▼

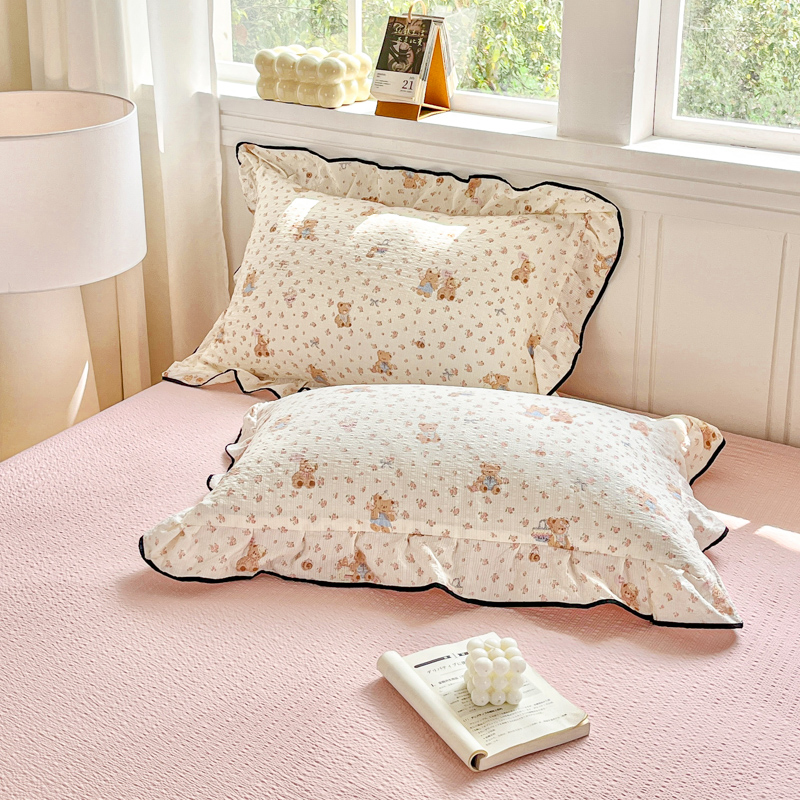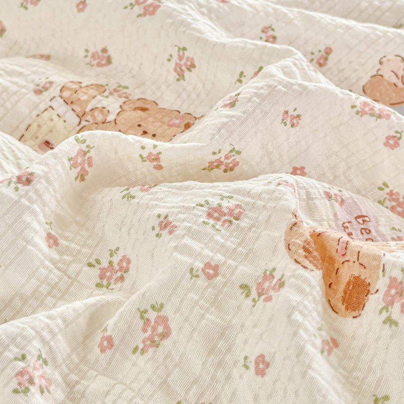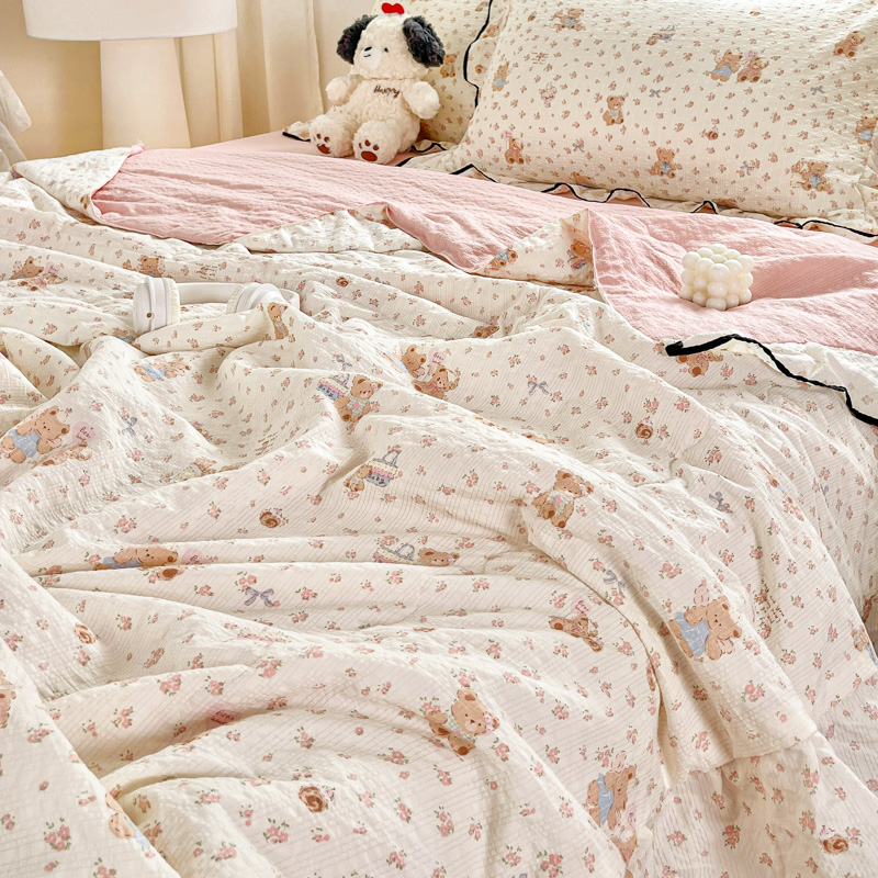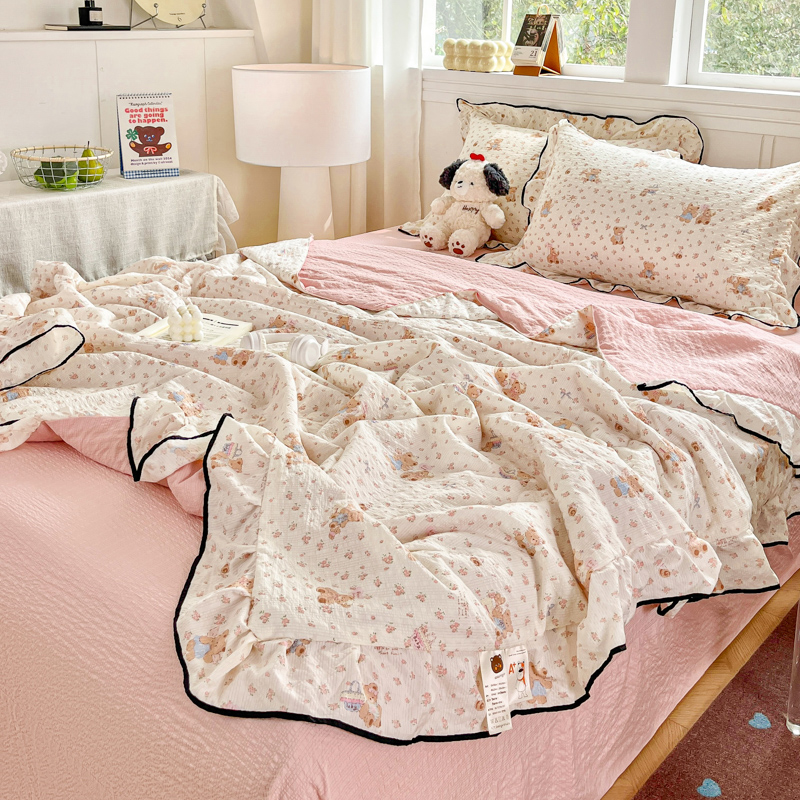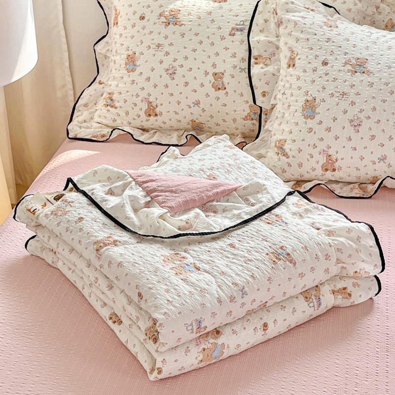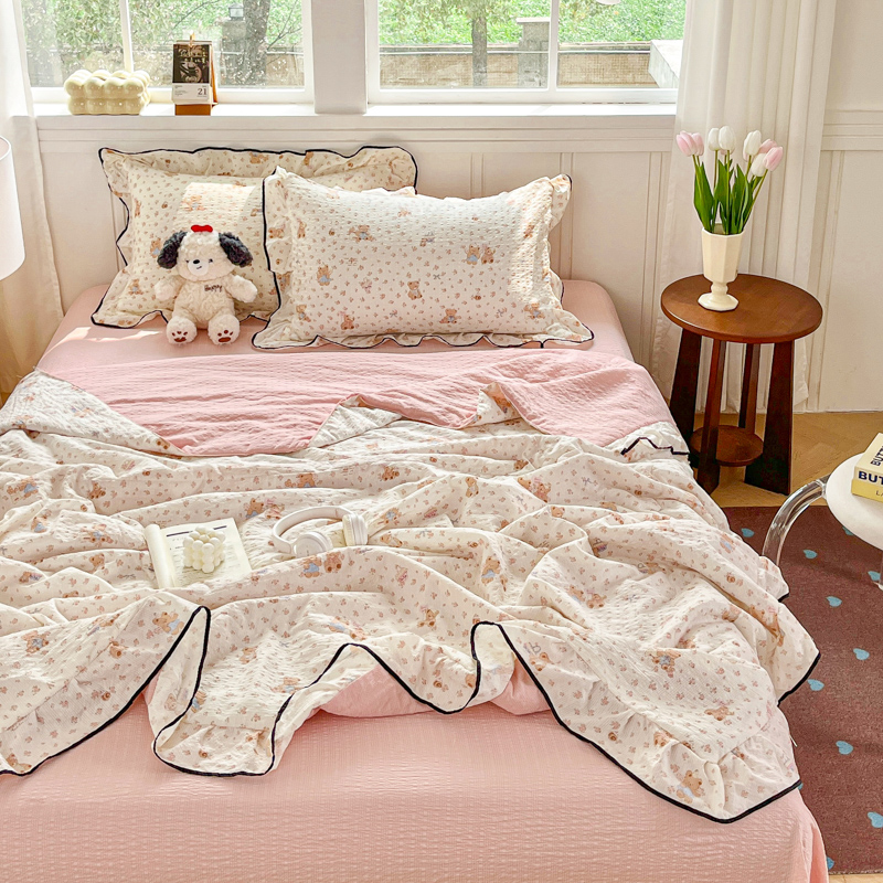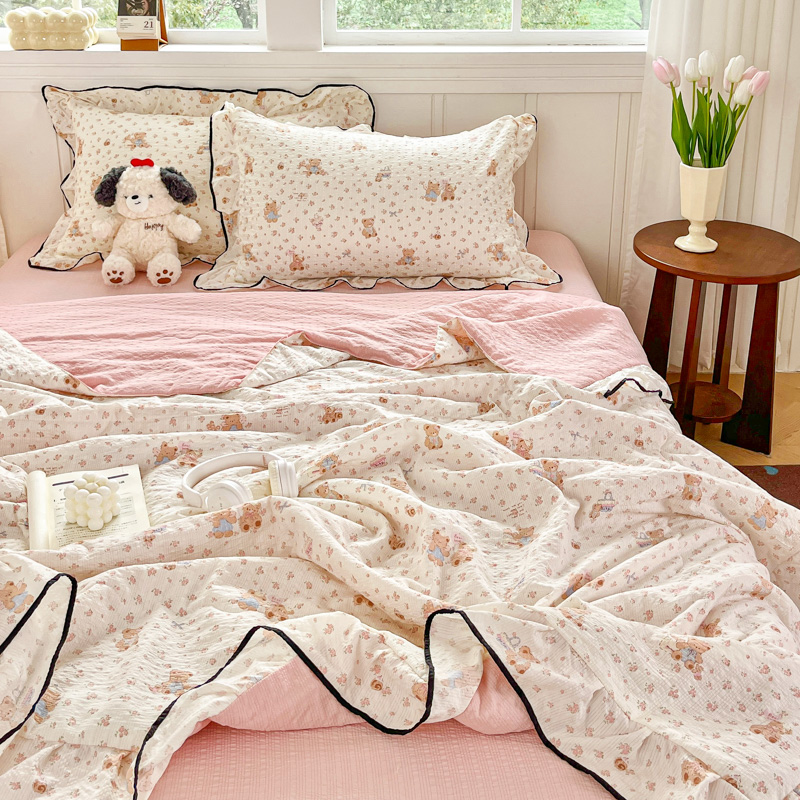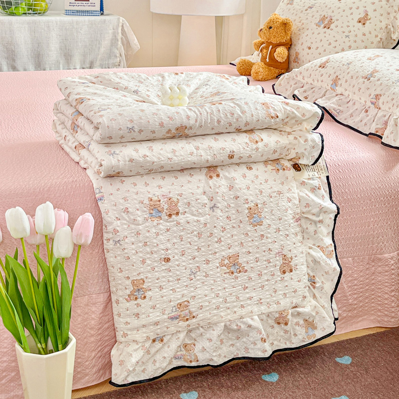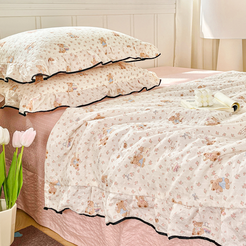 利禾家纺 2026新款法式花边泡芙纱夏被四件套 生日熊
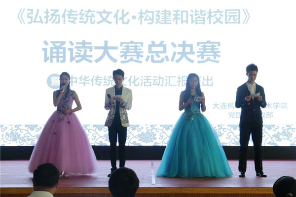 为将中国优秀传统文化融入学生思想教育工作中,丰富德育内涵、增强育人效果,以学院“十三五”发展为契机,培养广大师生积极向上的文化价值观和民族精神,构建我院具有内涵和特色的校园文化,党团学思政部联合开展了《弘扬传统文化·构建和谐校园》系列活动。为了进一步实施我院国学经典诵读工程,营造传统文化学习氛围,深化传统文化在校园文化建设中的积极作用,我院举办了以“礼敬中华经典•诵读国学精粹”为主题的晨读好声音活动。2016年6月7日,《弘扬传统文化•构建和谐校园》诵读大赛总决赛暨中华传统文化活动汇报演出在综合馆隆重举行。参加本次活动的领导有:副院长申秀梅、学生处处长高成林、教务处副处长裴丽琳、船舶与珠宝学院主任王晓琳、通关系主任林晓慧、通关系副主任徐凤龙。本次大赛的评委老师有:教务处副处长张冬冬、学生处处长助理吕运福、基础部主任张淑萍、招生工作处梁陆宇老师、就业指导中心徐素青老师、党办周裕老师、团委书记成名。
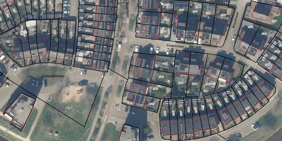 Gebruik de zoekbalk of klik op een perceel voor informatie over de adressen binnen dit perceel.
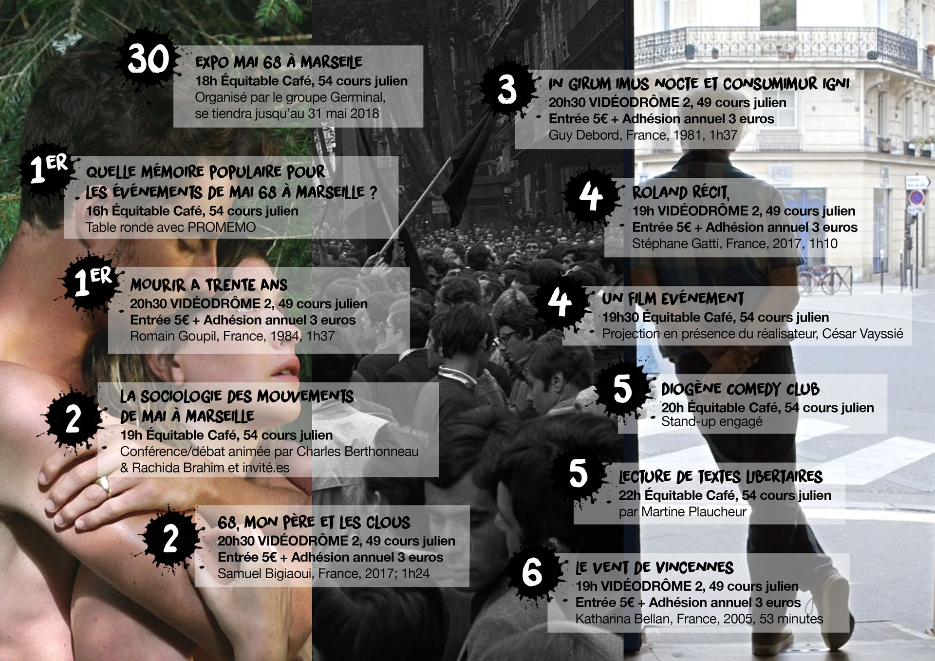 Mais le passé ne passe pas. Il demeure question, présent des questions qu’il nous pose. Quelques films pour poser des questions : comment est passé mai 68 sur certains? Sur Guy Debord, In girum imus nocte et consumimur igni, sur Michel Recanati, Mourir à trente ans, sur Paris 8, Le vent de Vincennes, sur Roland, dans Roland récit, sur Jean Bigiaoui, dans 68, mon père et les clous.
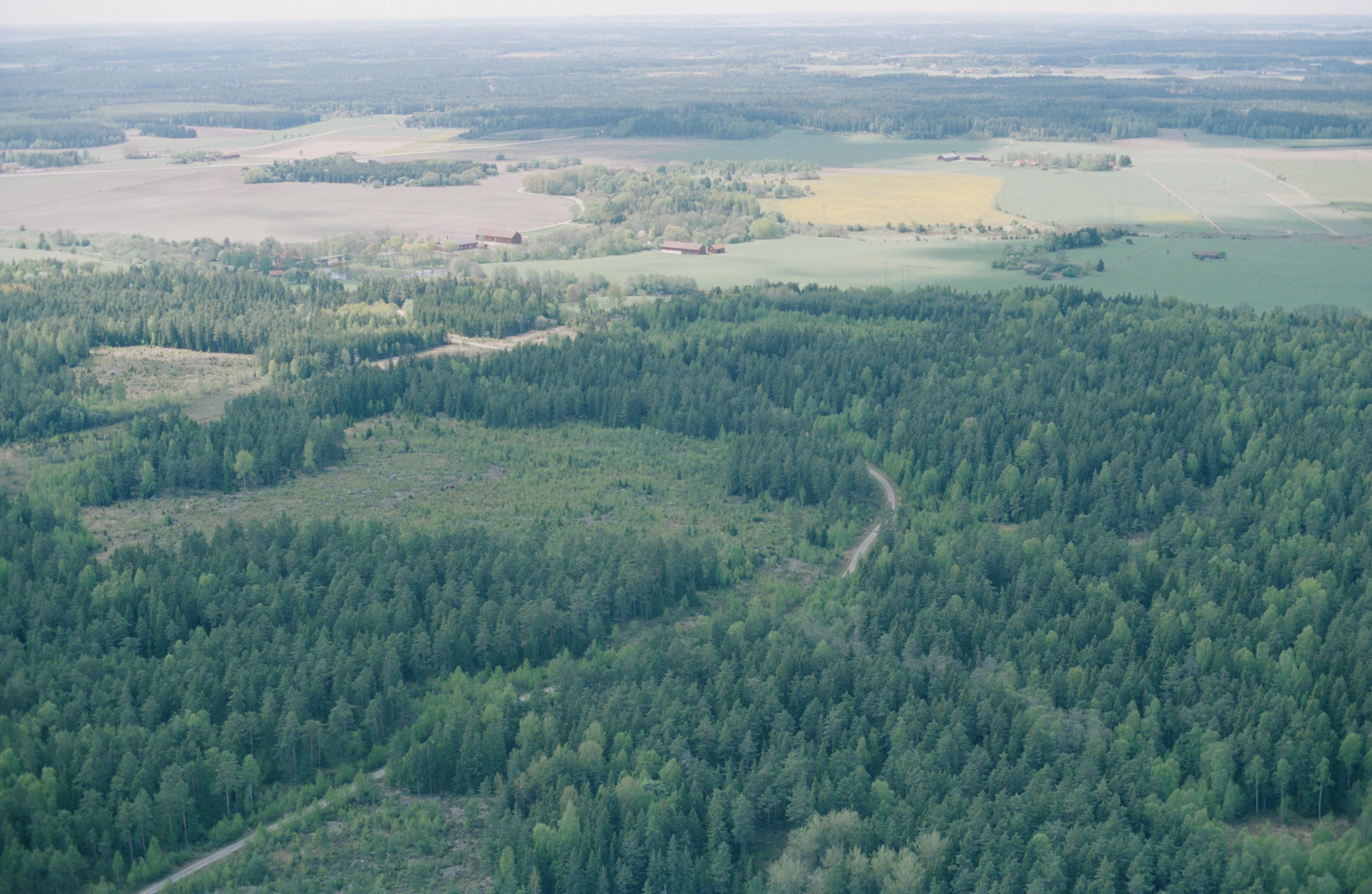 Beskrivning: Över bildens mitt Nykvarn och Östanbro där Lillån och Sagån möts. Sagån markerar gränsen mellan Tillinge socken i landskapet Uppland i riksintresset C55 (i bildens nedre del) och Björksta socken i landskapet Västmanland i riksintresset U28 (i bildens övre del). Till vänster över bildens mitt Ekensbergs by och Blotsvens hög RAÄnr Tillinge 33:1-3. Bilden är tagen mot (väderstreck): SV
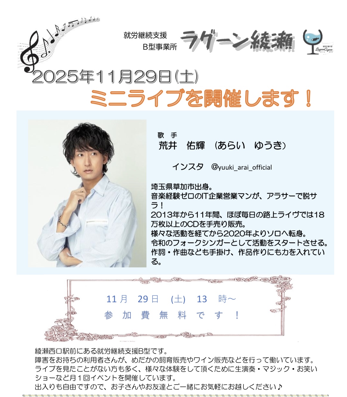 荒井佑輝さんによるミニライブを開催します☆
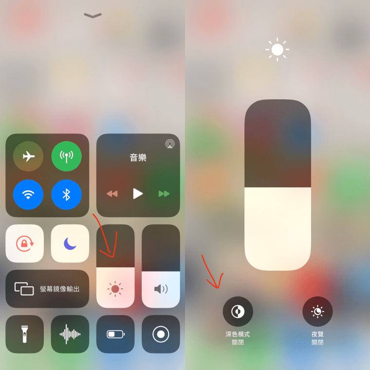 ▼2.深色模式:上滑開啟控制中心,在調整亮度的地方長按,就能調整深色模式了。
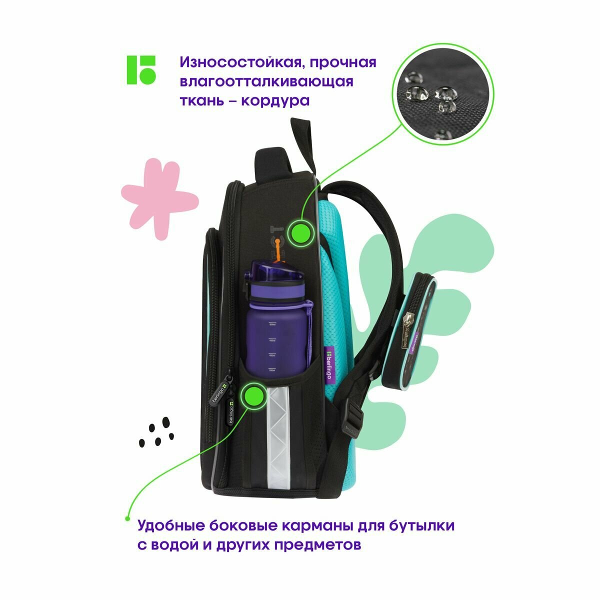 | Особенности | вентилируемая спинка / вентилируемые лямки / водоотталкивающая пропитка / карабин для ключей / ножки / ортопедический / регулируемые лямки / светоотражающие элементы / эргономичная спинка |
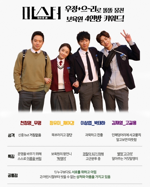 운명을 뒤바꾸기 위해 스스로 이름까지 버린 천정명은 신중하면서도 거침없는 반전 성격을 지니고 있으며 정유미는 보육원의 왕언니답게 똑 부러지고 남다른 강단을 지녔다. 또한 경찰을 꿈꾸는 청년 이상엽은 과묵하고 진중한 성격의 소유자이며 학교에서 소문난 거짓말쟁이라서 일명 ‘고구라’로 불리는 김재영은 민폐 덩어리에 사고뭉치 같지만 알고 보면 따뜻한 마음씨를 가졌다고.
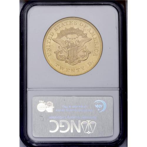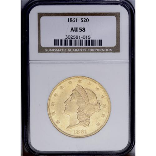 <B>1861 $20 AU58 NGC.</B></I> This Civil War issue retains considerable luster on bright pink-gold surfaces. Well struck design features, and a couple of moderate marks show on the shield on the reverse. This piece presents a nice overall appearance.
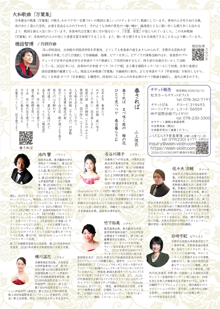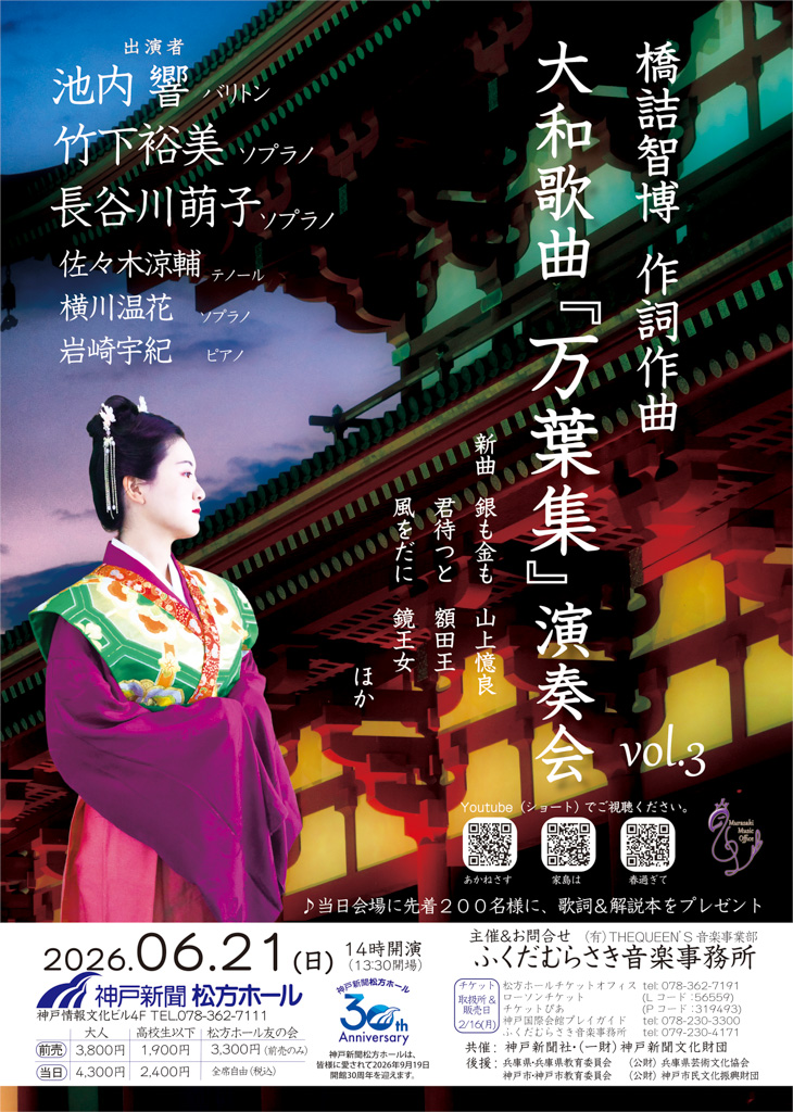 内容日本最古の歌集『万葉集』の歌に、橋詰智博がわかりやすい言葉使いの歌詞と美しいメロディをつけて歌曲にしました。新曲・銀も金も 山上憶良・君待つと 額田王  など出演者池内響(Br)、竹下裕美(Sop)、長谷川萌子(Sop)

▲

(To do): The answer must be the lines of the entries above, written out exactly from the first through the one with "为将中国优秀传统文化融入学生", and no pictures.

(Final answer):
 利禾家纺 2026新款法式花边泡芙纱夏被四件套 生日熊
 为将中国优秀传统文化融入学生思想教育工作中,丰富德育内涵、增强育人效果,以学院“十三五”发展为契机,培养广大师生积极向上的文化价值观和民族精神,构建我院具有内涵和特色的校园文化,党团学思政部联合开展了《弘扬传统文化·构建和谐校园》系列活动。为了进一步实施我院国学经典诵读工程,营造传统文化学习氛围,深化传统文化在校园文化建设中的积极作用,我院举办了以“礼敬中华经典•诵读国学精粹”为主题的晨读好声音活动。2016年6月7日,《弘扬传统文化•构建和谐校园》诵读大赛总决赛暨中华传统文化活动汇报演出在综合馆隆重举行。参加本次活动的领导有:副院长申秀梅、学生处处长高成林、教务处副处长裴丽琳、船舶与珠宝学院主任王晓琳、通关系主任林晓慧、通关系副主任徐凤龙。本次大赛的评委老师有:教务处副处长张冬冬、学生处处长助理吕运福、基础部主任张淑萍、招生工作处梁陆宇老师、就业指导中心徐素青老师、党办周裕老师、团委书记成名。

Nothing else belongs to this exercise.